2 The HLS was conducted throughout Australia from January 2018 to August 2018.

Scope of the survey

3 The HLS was conducted with a sample drawn from respondents 18 years and over who had already participated in the 2017-18 National Health Survey (NHS) and agreed to be contacted for further ABS surveys. As such the HLS data was combined with that of the NHS, and information related to survey scope, coverage, data collection, input coding and data quality issues for both the NHS and HLS are included below where relevant.

4 Urban and rural areas in all states and territories were included, while Very Remote areas of Australia and discrete Aboriginal and Torres Strait Islander communities were excluded. These exclusions are unlikely to affect national estimates, and will only have a minor effect on aggregate estimates produced for individual states and territories, excepting the Northern Territory where the population living in Very Remote areas accounts for around 20.3% of persons.

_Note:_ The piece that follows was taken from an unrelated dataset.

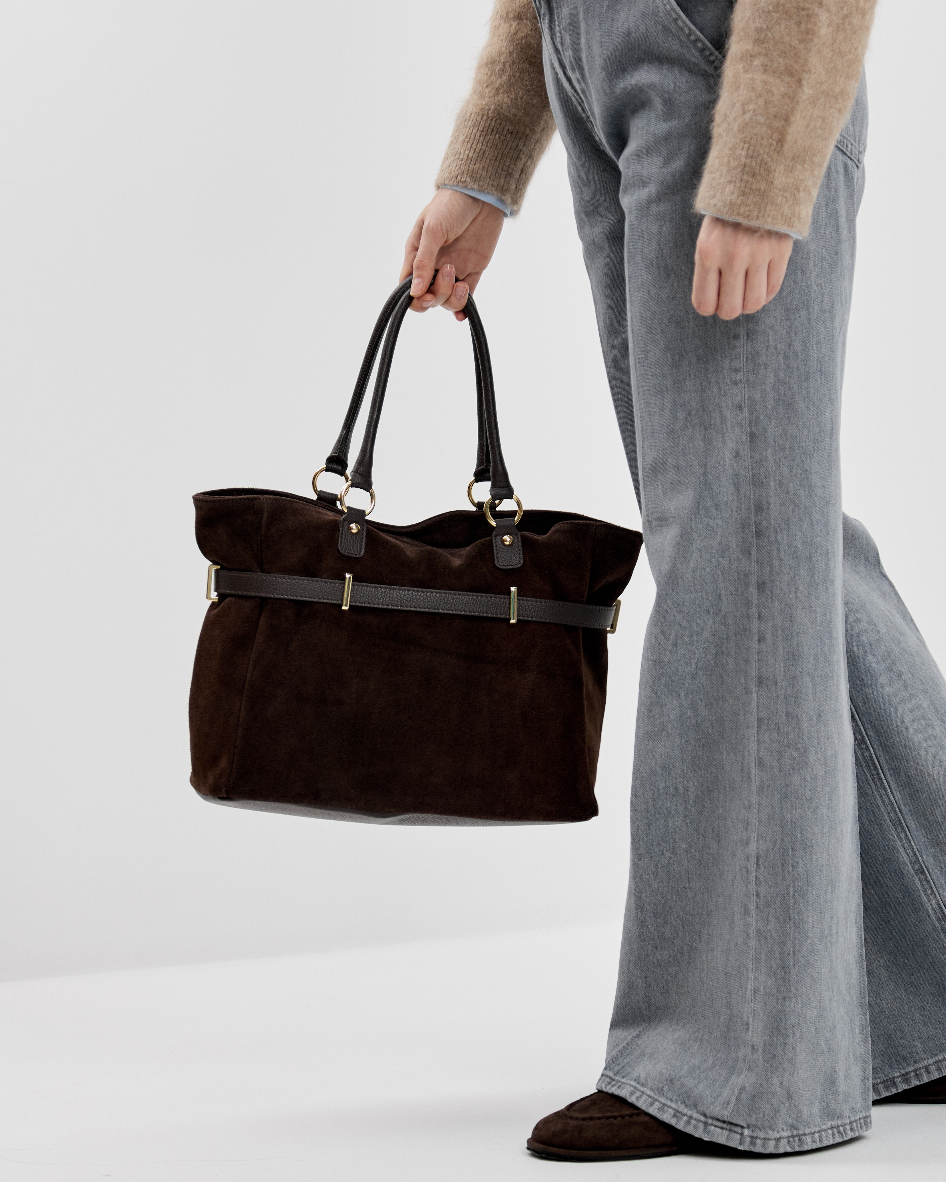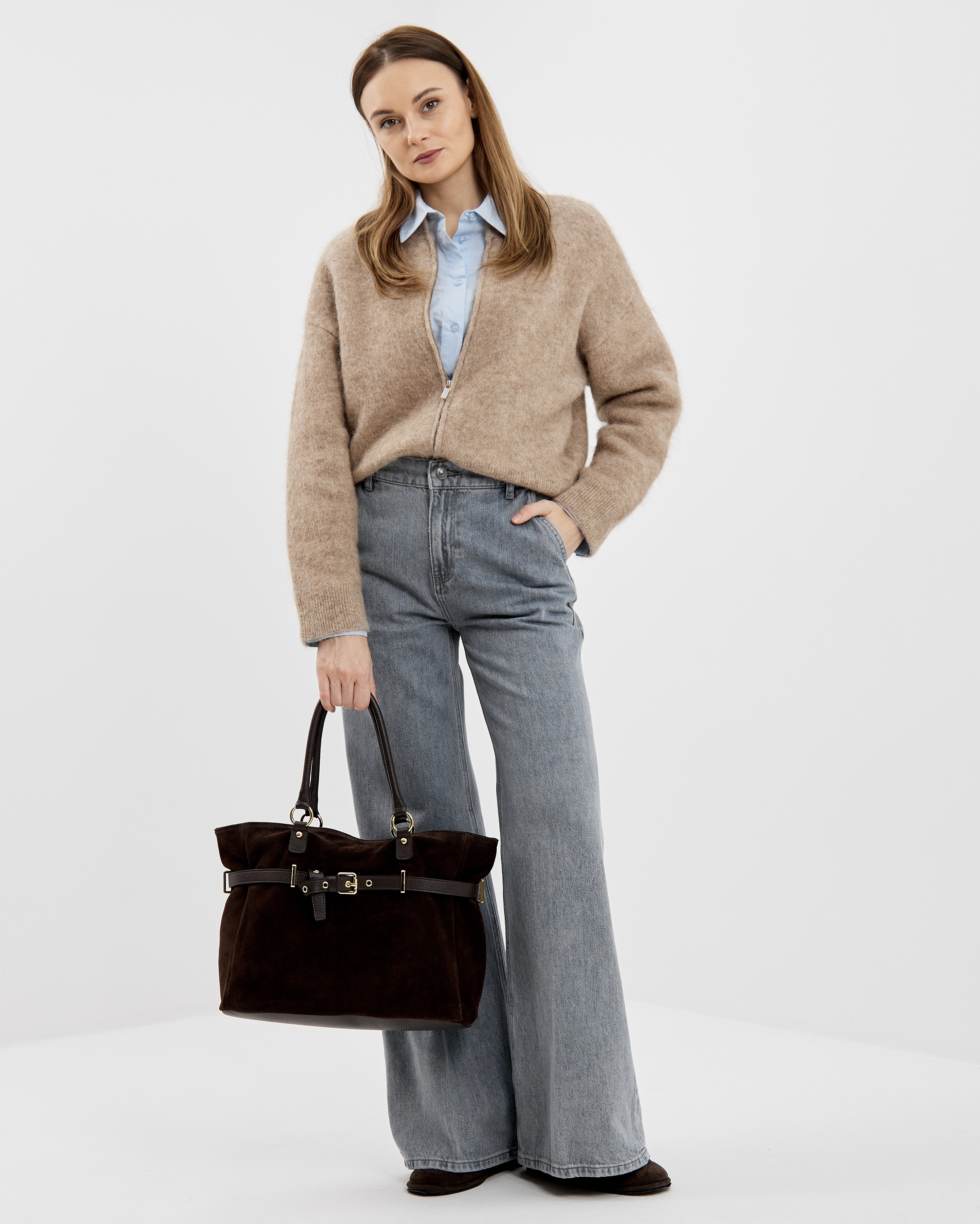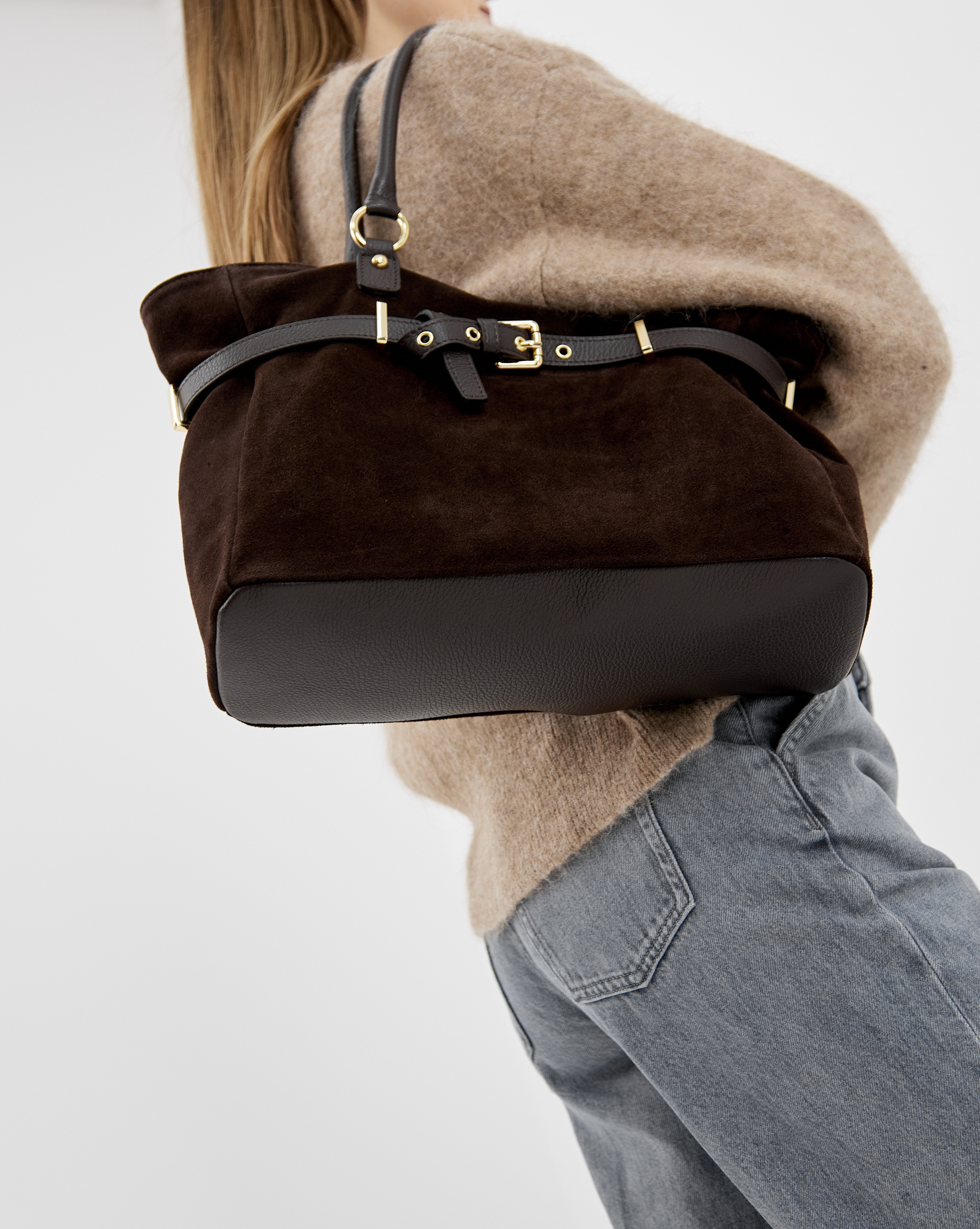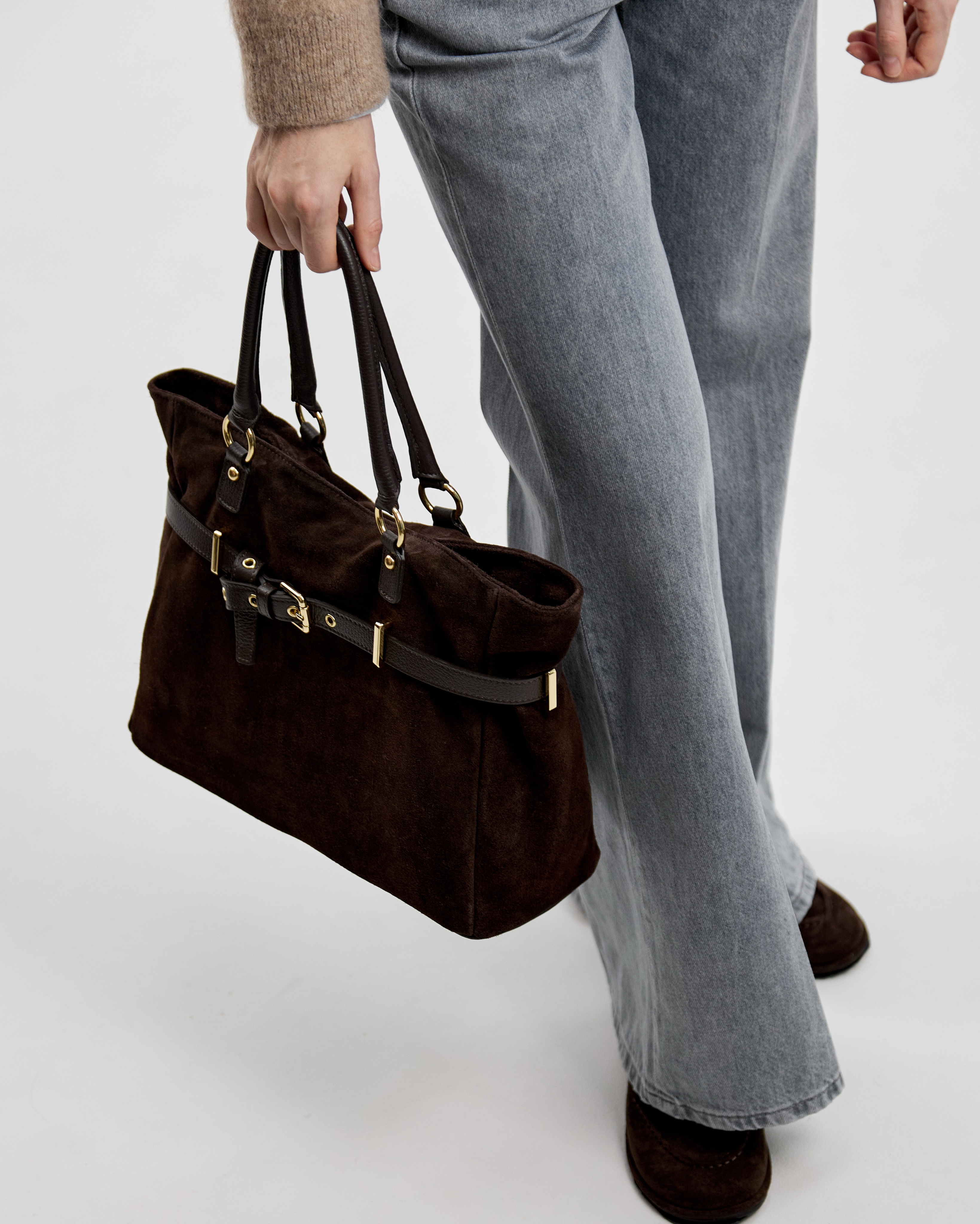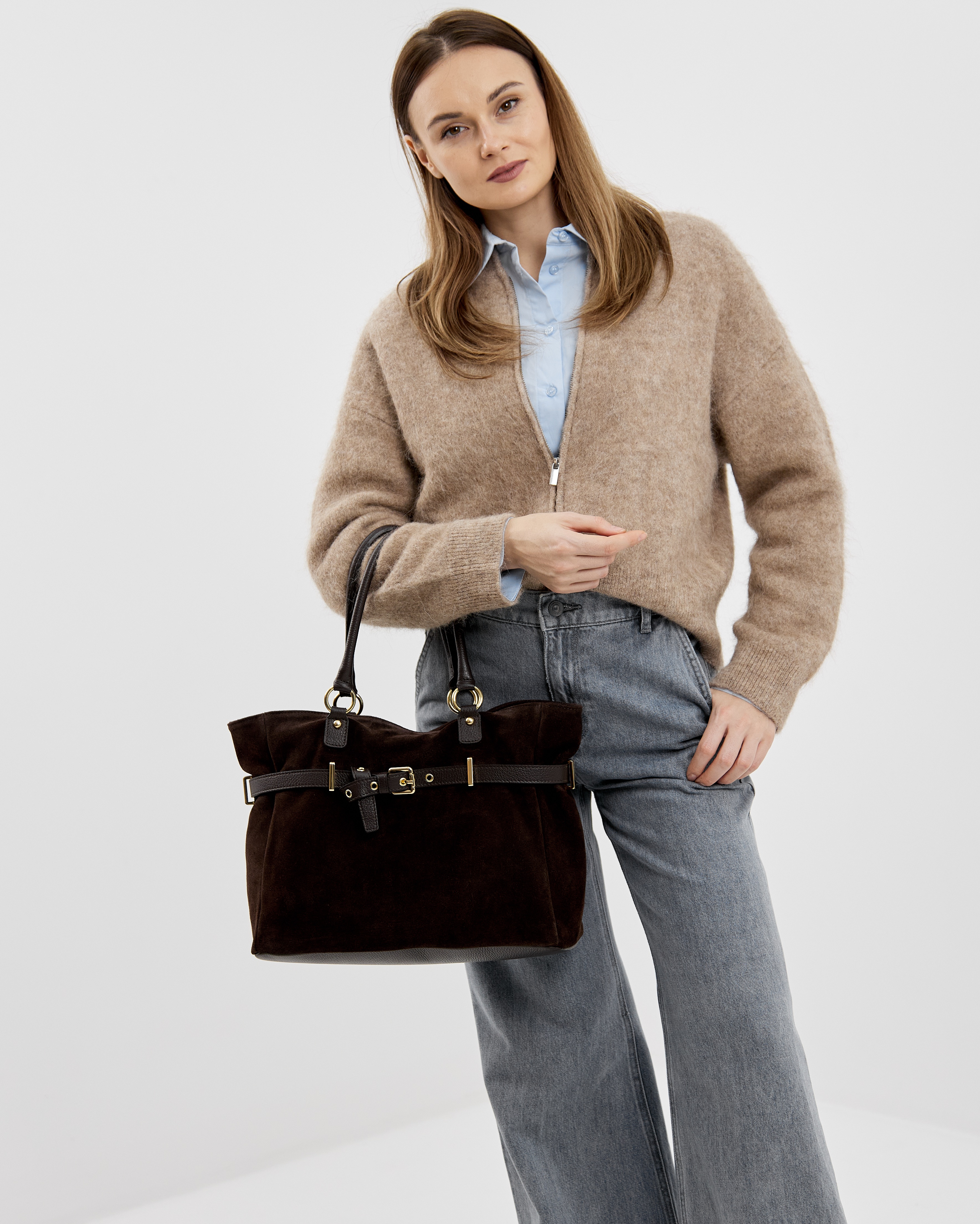 Сумка выполнена из натуральной замши и декорирована фурнитурой золотого цвета. Сумку удобно носить как за ручки в руке, так и на плече с помощью регулируемого ремня. Закрывается надежно на молнию.

5 Non-private dwellings such as hotels, motels, hospitals, nursing homes and short-stay caravan parks were excluded from the survey. This may affect estimates of the number of people with some long-term health conditions (for example, conditions which may require periods of hospitalisation or long term care).

6 The HLS was limited to adults aged 18 years and over.

7 The following groups were excluded from the survey:

  • certain diplomatic personnel of overseas governments, customarily excluded from the Census and estimated resident population;
  • persons whose usual place of residence was outside Australia;
  • members of non-Australian Defence forces (and their dependents) stationed in Australia; and
  • visitors to private dwellings.

Sample design

8 Dwellings for the NHS were selected at random using a multistage area sample of private dwellings. The initial sample selected for the survey consisted of approximately 25,109 dwellings. This was reduced to a sample of 21,544 after sample loss (for example, households selected in the survey which had no residents in scope of the survey, vacant or derelict buildings, buildings under construction). Of those remaining dwellings, 16,376 (or 76.0%) were fully or adequately responding, yielding a total sample for the survey of 21,315 persons.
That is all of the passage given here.